Objective: To describe the case of a school patient with characteristic craniofacial dysmorphology, neurodevelopmental delay, and episodes of metabolic decompensation due to infections, with a mutation in the PDHX gene, managed with a ketogenic diet, thiamine, lipoic acid, and carnitine.
Results: The findings that made it possible to focus the diagnosis are elevated plasma and CSF lactate associated with persistent metabolic acidosis with accentuation of hyperintensity cortical sulci in the bilateral basal ganglion region and lenticular nuclei in brain resonance imaging, with magnetic resonance spectroscopy showing a negative peak of lactate. Confirming the diagnosis with an exome of 6000 genes where a homozygous pathogenic variant is found in the PDHX gene position c.1426C> T.

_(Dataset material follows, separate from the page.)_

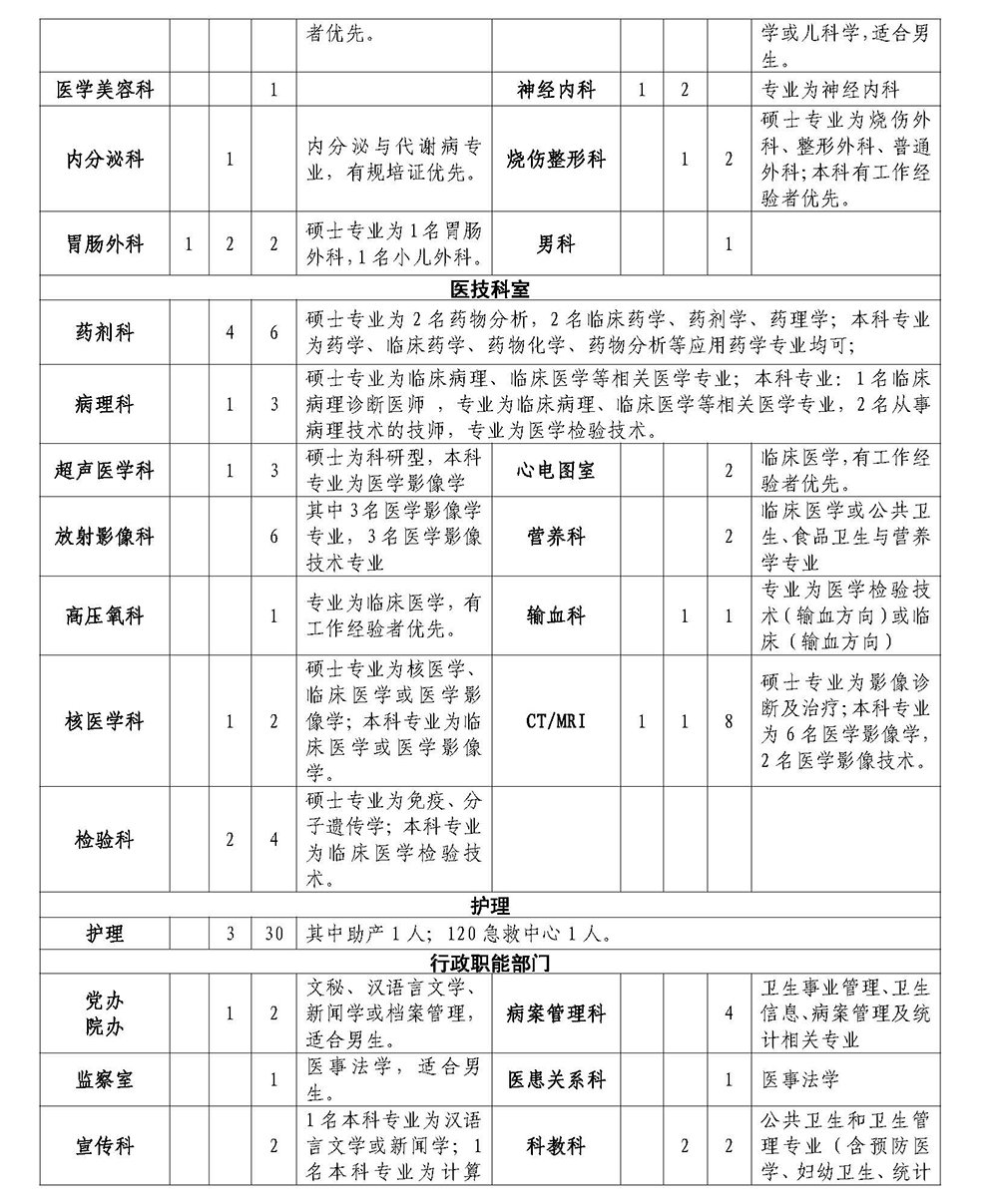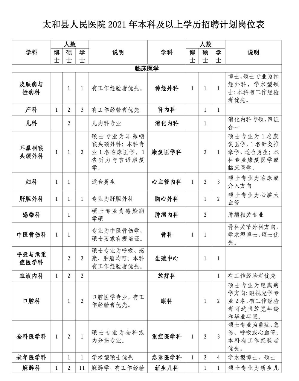 2020-12-12 17:08:27閱讀()太和縣人民醫(yī)院太和縣人民醫(yī)院是一所三級(jí)甲等綜合性醫(yī)院、互聯(lián)網(wǎng)醫(yī)院、住院醫(yī)師規(guī)范化培訓(xùn)基地、全國(guó)百?gòu)?qiáng)縣醫(yī)院。編制床位1600張;擁有磁共振2臺(tái)、CT6臺(tái)、DSA2臺(tái)以及直線加速器、PET-CT、體外循環(huán)機(jī)等國(guó)內(nèi)外先進(jìn)醫(yī)療設(shè)備。開設(shè)43個(gè)臨床學(xué)科、15個(gè)醫(yī)技科室;省級(jí)重點(diǎn)特色???個(gè)、市級(jí)重點(diǎn)???0個(gè),35萬平方米新院區(qū)將于2023年啟用。醫(yī)院現(xiàn)根據(jù)學(xué)科建設(shè)需要,2021年計(jì)劃招聘本科及以上學(xué)歷畢業(yè)生若干名?,F(xiàn)將有關(guān)事項(xiàng)公告如下: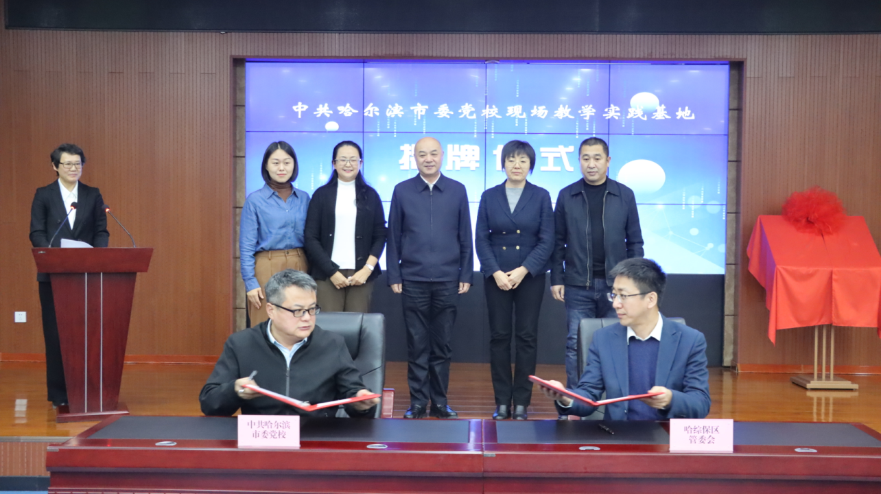 黑龍江經(jīng)濟網(wǎng)訊(記者商祺)12月13日,哈爾濱綜合保稅區(qū)與哈爾濱市委黨校舉行現(xiàn)場教學實踐基地揭牌儀式,哈爾濱市政府副秘書長、兩區(qū)一體化辦公室主任、哈爾濱綜合保稅區(qū)管理委員會主任尹承云與中共哈爾濱市委黨校常務(wù)副校長、市行政學院院長孫蕊共同為現(xiàn)場教學實踐基地揭牌。哈爾濱市委黨校副校長孫昭與哈爾濱綜合保稅區(qū)管理委員會常務(wù)副主任邸凱代表雙方簽署合作協(xié)議。

Conclusion: PDH deficiency should be considered in cases of neurodevelopmental delay associated with intermittent episodes of neurological deterioration and elevated blood lactate and in brain magnetic resonance spectroscopy. Unlike those affected by other subtypes, patients with E3-binding protein deficiency often survive childhood and even adulthood due to the presence of some assembly of the pyruvate dehydrogenase complex. Early diagnosis opens the possibility of starting supportive management, providing genetic counseling to parents, and prognosis and early support measures.